True atonement is not punishment borne of guilt; it is a heartfelt desire to heal all wounds because it is the only way we will be healed ourselves. The word “sin” derives from an archery term that simply meant “missing the mark.” We have the best intentions. We don’t intend to harm or abuse. But too often, we miss the mark. Despite our intentions, our actions cause harm to others. So, like a good archer, we recognize when we have missed the mark, we learn from the mistake, and we strive to improve our aim as we try again.

But what are we aiming at? The Golden Rule is considered the most universally accepted ethical principle, and a good place to start.

What would it mean to treat other living creatures the way you would want to be treated? What does it mean, knowing how raw and sensitive my own wounds are and how very vulnerable I am? I long to be treated kindly, gently, to be nurtured and given the space to heal.

In our modern world, this simple question has radical implications.

At a bare minimum, it requires those of us using more than our fair share of resources to call it what it is and stop stealing from the rest of the world. We need to stop forcing other people to do our dirty work and clean our own houses. We need to learn humility and earn our rightful place in Gaia’s garden as the small, hairless apes we are. Not apart, just a part.

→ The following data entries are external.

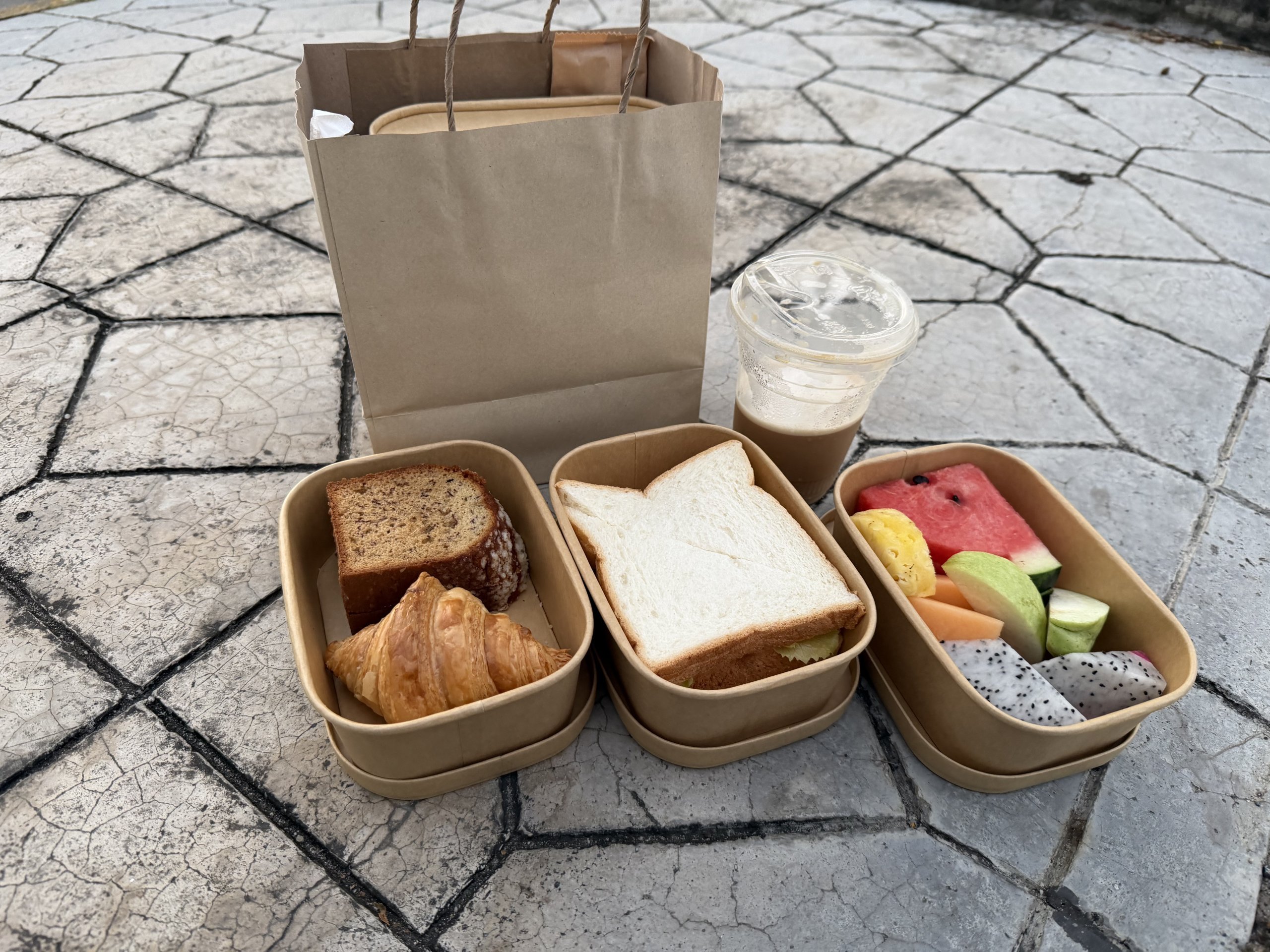 Recepția ne-a oferit opțiunea unei cutii de mic dejun takeaway pe cont propriu. Pachetul a inclus cafea, două bucăți de pâine prăjită și fructe. Destul de basic, dar amplu suficient pentru o dimineață devreme și un gest foarte frumos.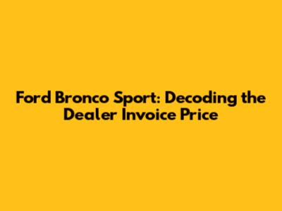 Ford Bronco Sport: Decoding The Dealer Invoice Price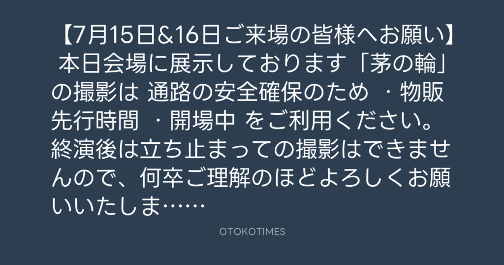 【7月15日&16日ご来場の皆様へお願い】 本日会場に展示しております「茅の輪」... -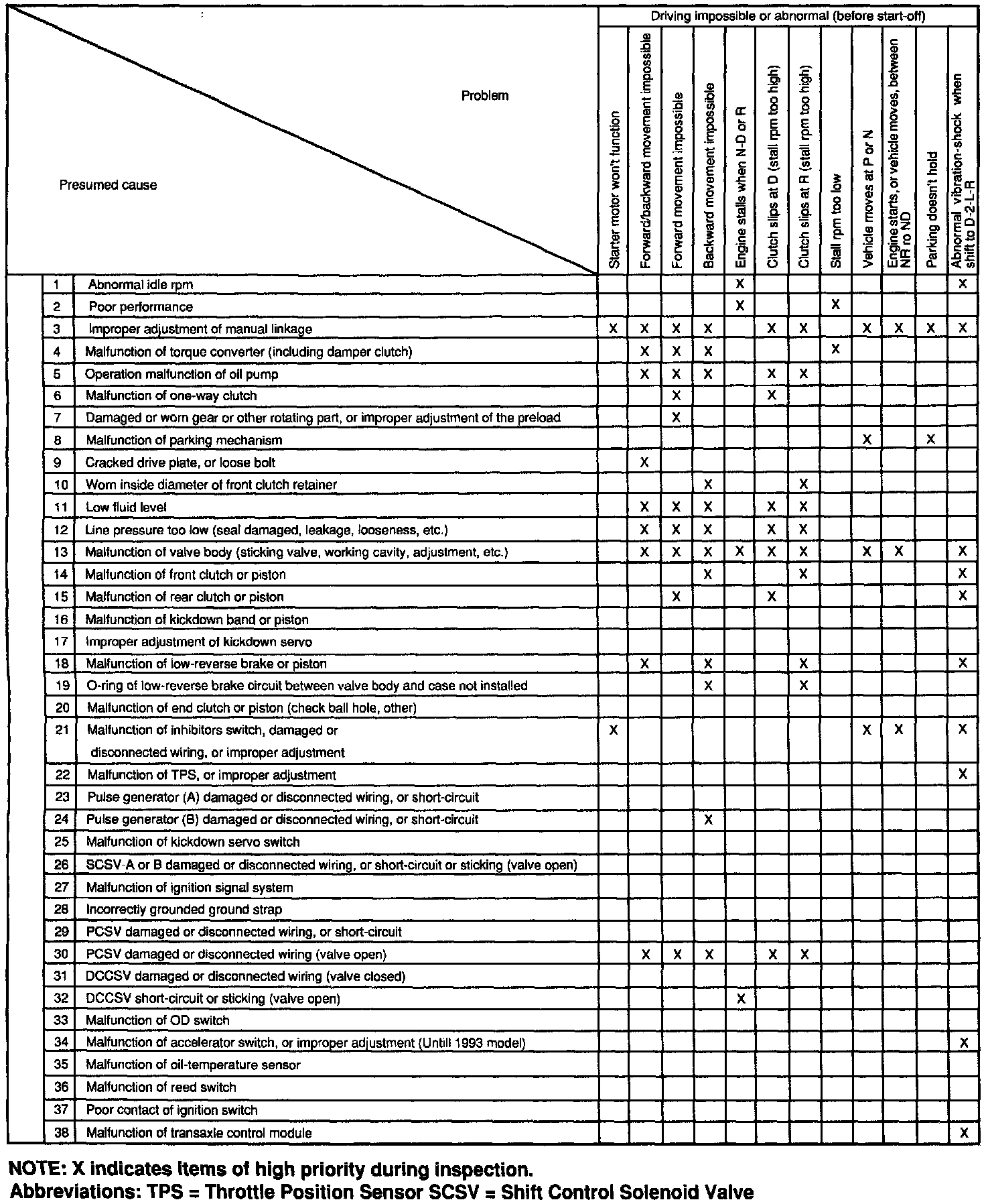 Malfunctions of the auto transaxle can lead to other problems, such as those described below: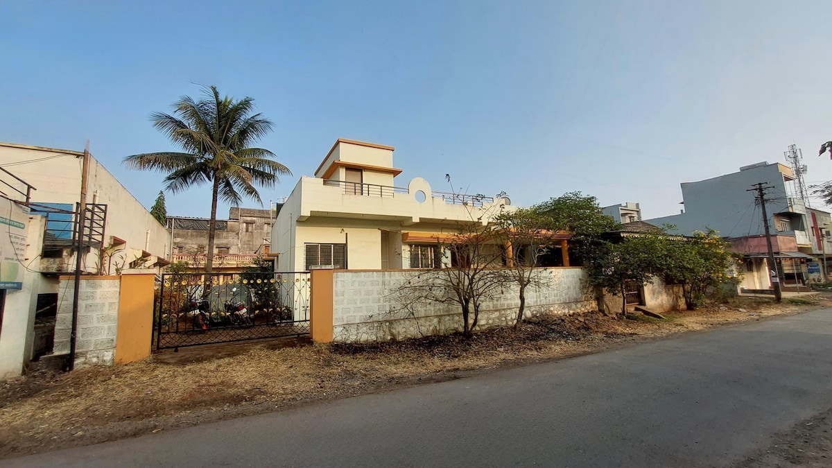 Shrishalya Bungalow est une villa indépendante de 2000 pieds carrés 2BHK dans le paisible Gadmudshingi, Kolhapur Accès routier de 40 pieds Stationnement sécurisé pour deux voitures, y compris un VUS à l'intérieur des locaux Chambre principale climatisée, deuxième chambre naturellement fraîche, matelas orthopédiques, 2 salles de bain attenantes cuisine, WiFi 40 Mbps et télévision OTT. Verger privé avec des arbres à chikoo et à noix de coco. À 9 km du temple Mahalaxmi, 1,5 km de la route nationale. À 100 m de l'autoroute. Sécurisé, fermé, animaux acceptés avec le soutien du gardien.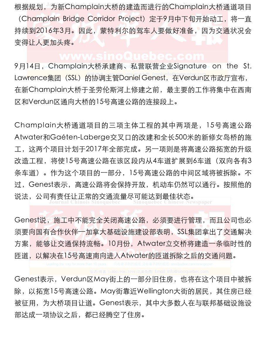 在15号高速公路Champlain大桥通道项目动工的同时,15号与20号交界处的交通枢纽Turcot立交桥也在施工中,因此,蒙特利尔的交通状况将会变得更糟。 Genest表示,到2016年的时候,这片区域将会有两个特大型项目全速施工,因此,对交通的影响将会更加显著。Turcot立交桥和Champlain大桥这两个项目,会同时在2016至2018年进行。 Genest表示,市民需要理解的是,他们用4年半的时间,就会得到一座新桥和一条新高速公路,因此,在看到成果之前,一定要有耐心。但是,对于一座新桥是否能够从本质上改善蒙特利尔交通困境的质疑,Genest表示,没有一个方案能够从根本上解决交通问题,但这是解决方案的一部分。 |

Intention is never enough. Atonement doesn’t happen through words; it requires action — it requires a pound of flesh. But take heart because Life is truly miraculous. It is the nature of living things not only to heal but to grow stronger, wiser, and more resilient when nourished and cared for. All that you give joyfully is returned to you tenfold.

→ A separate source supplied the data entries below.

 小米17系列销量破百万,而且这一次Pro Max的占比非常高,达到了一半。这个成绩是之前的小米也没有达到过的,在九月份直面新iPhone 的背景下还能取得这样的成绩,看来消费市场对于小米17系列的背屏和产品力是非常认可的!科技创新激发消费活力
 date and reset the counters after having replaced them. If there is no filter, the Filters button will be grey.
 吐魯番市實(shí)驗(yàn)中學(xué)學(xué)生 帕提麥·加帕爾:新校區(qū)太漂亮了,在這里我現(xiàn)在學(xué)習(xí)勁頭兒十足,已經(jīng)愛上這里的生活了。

I see now what my ancestors saw. I understand now the words they wrote down to help me avoid their sin: what goes around comes around; love your enemy; we are one; what I give matters more than what I get. My freedom depends on the service I provide. My health and happiness depends on the care I give.

I wear the mark on me now — the raw redness where my healing heart reminds me to be gentle. It feels like a sacred gift and a calling. I’ve had my conversion moment. I am converted to the oldest religion — the original spark that gave birth to all the great wisdom traditions. If it could be written, the canon would hardly fill a single page. But Life speaks in a language that can’t be written or spoken though it can still be heard by every one who stills themselves long enough to listen.